By LAURELLE WALSH
A new show that explores harmony between people, interior and exterior living spaces and the objects that fill those spaces opens at Confluence Gallery and Art Center this weekend.
“Inside Out” emphasizes the design aspects of arts and crafts and how “thoughtfully designed objects and the environment we create with them has the
power to enrich our lives,” according to show curator Laura Karcher.
“There is design in absolutely everything we use every day,” said Karcher. “The objects we live with can make life easier or more difficult. We can choose to acknowledge this fact and use design to make our lives easier and more lovely.”
Inside Out opens on Saturday (Aug. 3) with an opening reception from 4-8 p.m. at the gallery. The show runs until Sept. 21.
Confluence Gallery’s show committee conceived the design-themed exhibit to pair with the gallery’s popular Home Tour, happening the following Saturday, Aug. 10. And on Aug. 17, three prominent designers – interior craftsman Rick Swanson, architect Ray Johnston, and visual artist Theresa Miller – will involve the community in a presentation and panel discussion considering issues of design and the built environment. Karcher hopes that the panel discussion might jumpstart a local designers guild, something she’s been trying to get off the ground for several years, she says.
The show’s title – Inside Out – refers to the show committee’s desire to “do away with the idea that certain things belong inside and other things belong outside,” says Karcher. “It’s part of the Methow Valley lifestyle; people here live outside and build nests inside their homes.”
Exhibit designer Theresa Miller brings her experience creating outdoor living spaces and designs for theater into arranging the disparate work of over 40 local and regional artists: furniture makers, painters, photographers, sculptors, and glass, ceramic and textile artists.
Among the artists represented, Hal Tangen, professor of design at Cornish College of the Arts in Seattle, reveals the unique characteristics of each humble strip of dimensional lumber when assembling them into elegant benches and airy hanging wall panels.
Linda Mortensen, one of Tangen’s students at Cornish, “achieves a beautiful harmony between things typically found and thought of as being outside” – for example metal roofing – and makes both wall art and functional pieces like her dining table top covered with pebbles and succulent plants, Karcher says.
Local metal artist Barry Stromberger manages to capture a sense of lightness and air in his metal sculpture entitled “Cattail on Stone,” which features a tiny hummingbird perched at the end of a swordlike cattail frond.
From an installation originally at Central Washington University, clay artist Matt Armbrust strings bead-like ceramic tubes onto arching metal posts to create giant bamboo stalks arranged into graceful lines or clustered into a bouquet. “Great outdoor art,” notes co-curator Sue Marracci.
Two-dimensional art also plays a role in the show, including the landscape paintings of Rod Weagant and Cheryl Wrangle, “probably the most representational work in the show,” according to Marracci.
Marracci also enjoys the harmony and tension that occurs between the intricate wall pieces of Yuko Ishii and Vblast.
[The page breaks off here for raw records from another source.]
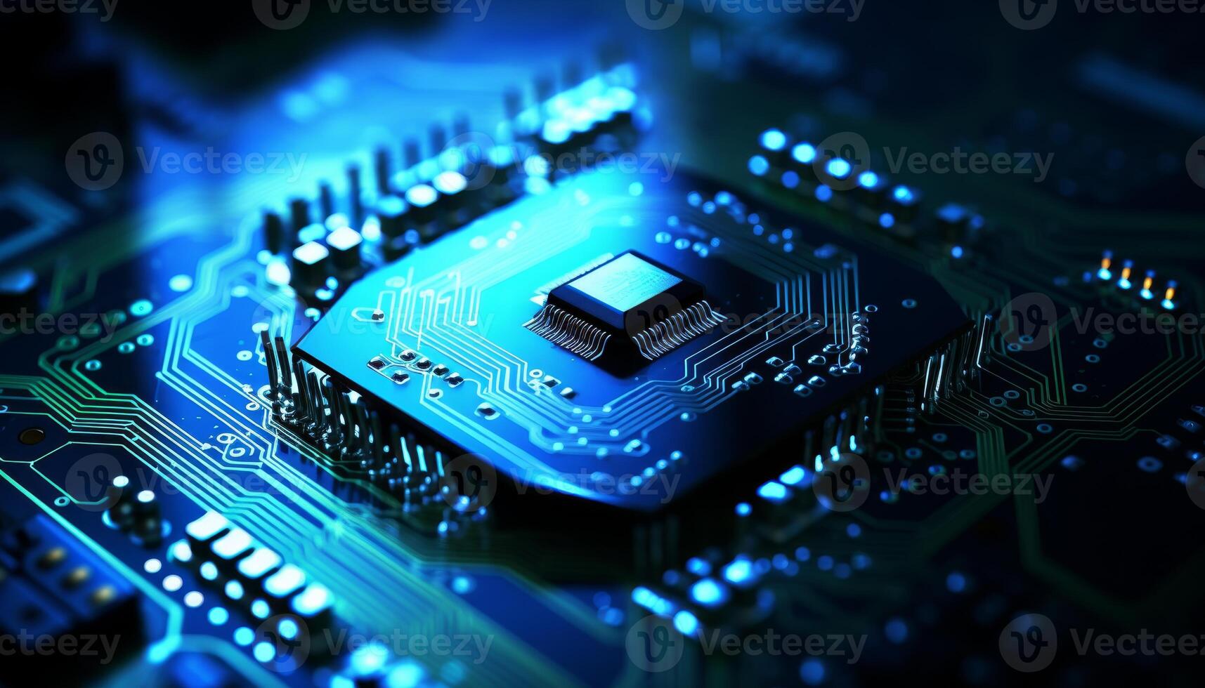 AI generated Glowing computer chip illustrating the crucial concept of cyber security and data protection Pro Photo
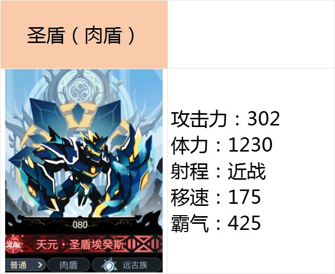 这是盾1级的基础面板,那么他在远古里的排行多少,我们来瞅瞅圣盾对比其他三近战远古的身板
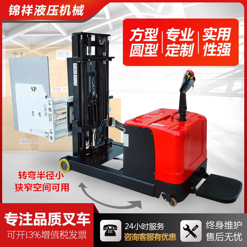 全电动无腿抱夹圆形方形360度旋转冰箱油桶纸包棉布卷夹抱机叉车
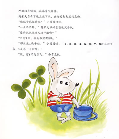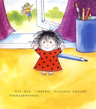 婴幼儿小朋友读这套书,建议先从《早上好》《从1数到10》《圣诞快乐》这3册开始,很好识别的,这3册都是20开。《早上好》中小朋友们最喜欢看的是鲜艳的色彩:小圆圆的裙子就有红、黄、绿,花园里的色彩就更缤纷了,粉蓝的蝴蝶,绿色的大叶子,紫色的小伞菇……《从1数到10》,是教给小孩子数的概念。回想七八年前我们自己带孩子,对数的认知,大多是通过卡片、挂图学习的。而阅读小圆圆丛书,小朋友们因为对小圆圆形象的喜爱,进而喜欢她的故事和场景,认识活动和情感活动一起调动起来,很快便有了牢固的无意识记忆。翻译家任溶溶爷爷的翻译更加增色不少,“一块奶酪两朵花,三只蜗牛爬呀爬,四只瓢虫在路上,五只蜜蜂独恋花……”
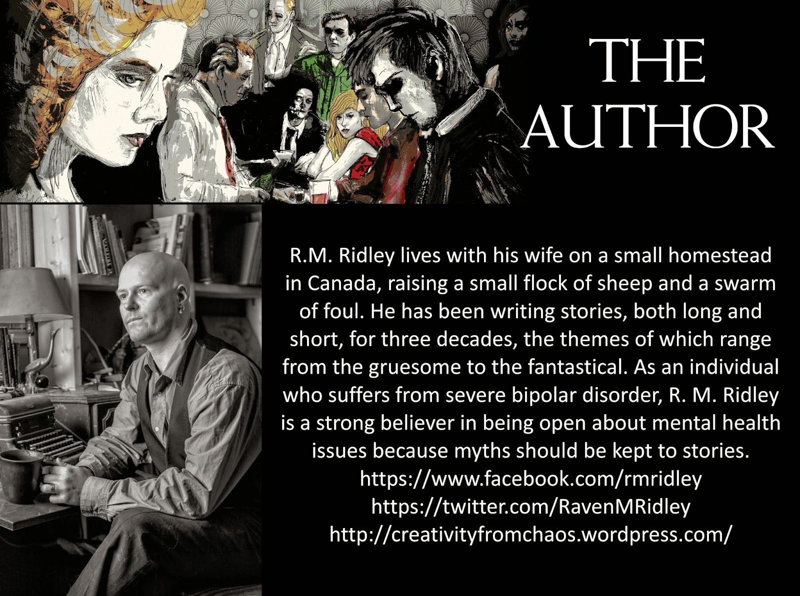 R.M. Ridley lives with his wife on a small homestead in Canada, raising a small flock of sheep and a swarm of foul. He has been writing stories, both long and short, for three decades, the themes of which range from the gruesome to the fantastical. As an individual who suffers from severe bipolar disorder, R. M. Ridley is a strong believer in being open about mental health issues because myths should be kept to stories.

Ishii’s mounted panels appear to be ancient leather-bound books ornamented with designs from sacred geometry, while Vblast assembles a grid of textured gesso tiles – some with embedded treasures – onto a door-sized black panel embellished with shiny metal gears. “You could look at them for quite a while and keep finding things,” Marracci says.
A nest-themed collaboration between Bellingham artists Denise Snyder and Trish Harding is showcased in a subdued corner of the gallery called “the night garden.” Harding paints the circular nest form in somewhat unsettling moods, from vulnerable hanging birdhouses to tiny robin’s eggs embraced by menacing branches, while Snyder weaves three-dimensional organic nests of raffia, twine and branches.
Sections of the gallery have been painted spring green, saffron and burgundy to delineate space and mood. “Once you come in you are drawn into the gallery so that you move through it in a certain way,” says Marracci. “We hope viewers will come away with inspiration for their own homes and see color and movement in new ways.”
“Maybe people will take away an object to fill a space or an idea of how to use space in creative ways,” says Karcher. “We hope it inspires people to reassess their interrelationships with the objects we live with.”
Confluence Gallery and Art Center is located at 104 Glover St. in Twisp. Gallery hours are 11 a.m. to 6 p.m. Wednesday through Friday, and Saturdays from 10 a.m. to 6 p.m.